What the turtle project ignoramuses didn’t inform me of was that hovercrafts are not very useful in environments with trees! Are You Freaking Kidding Me!? How did they not know that! So, needless to say, I spent much of the day bouncing off of trees like a friggin’ pinball and began to bleed from my ears because the stupid craft was louder than a turbo jet. And, more importantly, I never even detected a HEWO! Eventually, I found a new helmet with built in hearing protectors and was able to find my way back out of the woods, but the hovercraft suffered some damage in the process. Because I was bouncing around and ended up going backwards through a portion of unfamiliar habitat, I ended up driving the hovercraft over a cliff and landed in the tops of some trees.

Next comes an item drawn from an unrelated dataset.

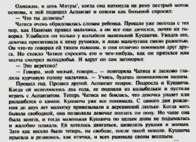 Это прекрасная историческая повесть, написанная, в первую очередь, для подрастающего поколения. Герой повести – древние урарты и ассирийцы. У автора явно есть свои исторические предпочтения. Она хоть и не в восторге от царя урартов Русы, его наместников и военачальников, но всё-таки ее симпатии явно на стороне тружеников урартов. А ассирийцы – дикие, коварные и жестокие. Книги вообще написана очень талантливо, и рассказывается в ней о жизни талантливых людей, добывающих свой нелегкий и очень скудный хлеб тяжелым физическим трудом. А когда они попадают в рабство в Ассирию, то живут в страшных нечеловеческих условиях, ежедневно подвергаясь мучениям и казням, но их талант вечен, и созданное ими живет и сейчас. Главные герои этой книги – урарты бронзовых дел мастер Аплай, его сын Аблиукну и внук Таннау, каменотес Габбу, киммер Рапаг, а также простые пастухи, землепашцы, воины и многие другие.
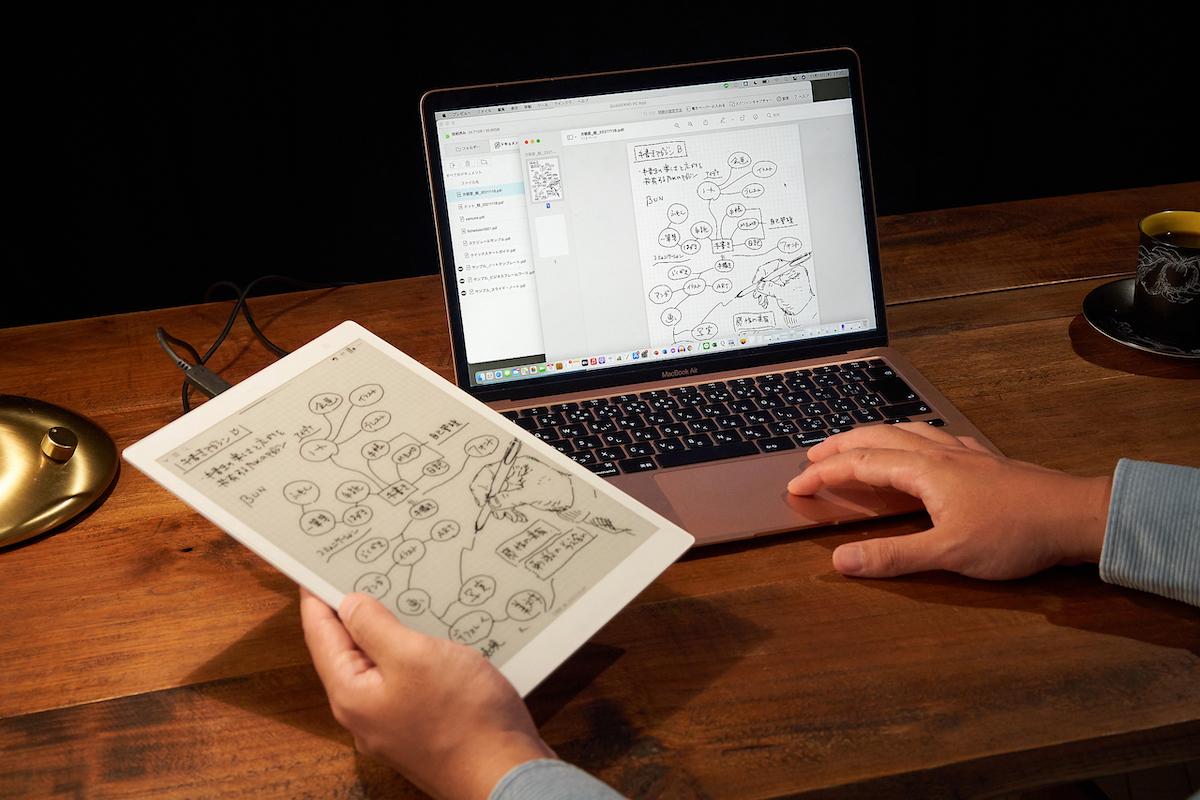 ウェブブラウジングに非対応の「クアデルノ」は、データの共有をPCやスマホを介して行う。木庭さんは、デザイナーやチームのスタッフとノートを共有する際、PC経由で送信するという。

I suffered a severe laceration to my smallest toe that required a dollop of Neosporin and a large bandaid. Unfortunately, My equipment borrowing protocol does not discuss how to remove a hovercraft from the canopy. It does, however, explicitly say that all borrowed equipment should be returned in worse condition than it was in when it was borrowed. This is suggested in my protocol because if the equipment is returned in equal or better condition, then this would indicate that said equipment was not used as it should have been. I borrow equipment with the understanding that it is worthless and it has served its purpose only when it’s broken or damaged, thereby indicating it was used. Bascially, the sea turtle crew didn’t understand my genius protocol and seemed unhappy with the location and condition of their hovercraft. They tried to explain to me that I needed to get the hovercraft out of the tree because I borrowed it. But I told them that because I was done using it and no longer needed its services that it was their responsibility to purchase a helicopter to remove it from the treetops. Are You Freaking Kidding Me?!? How do they not understand that the loss of their crappy hovercraft is but a small price to pay to have me save the world?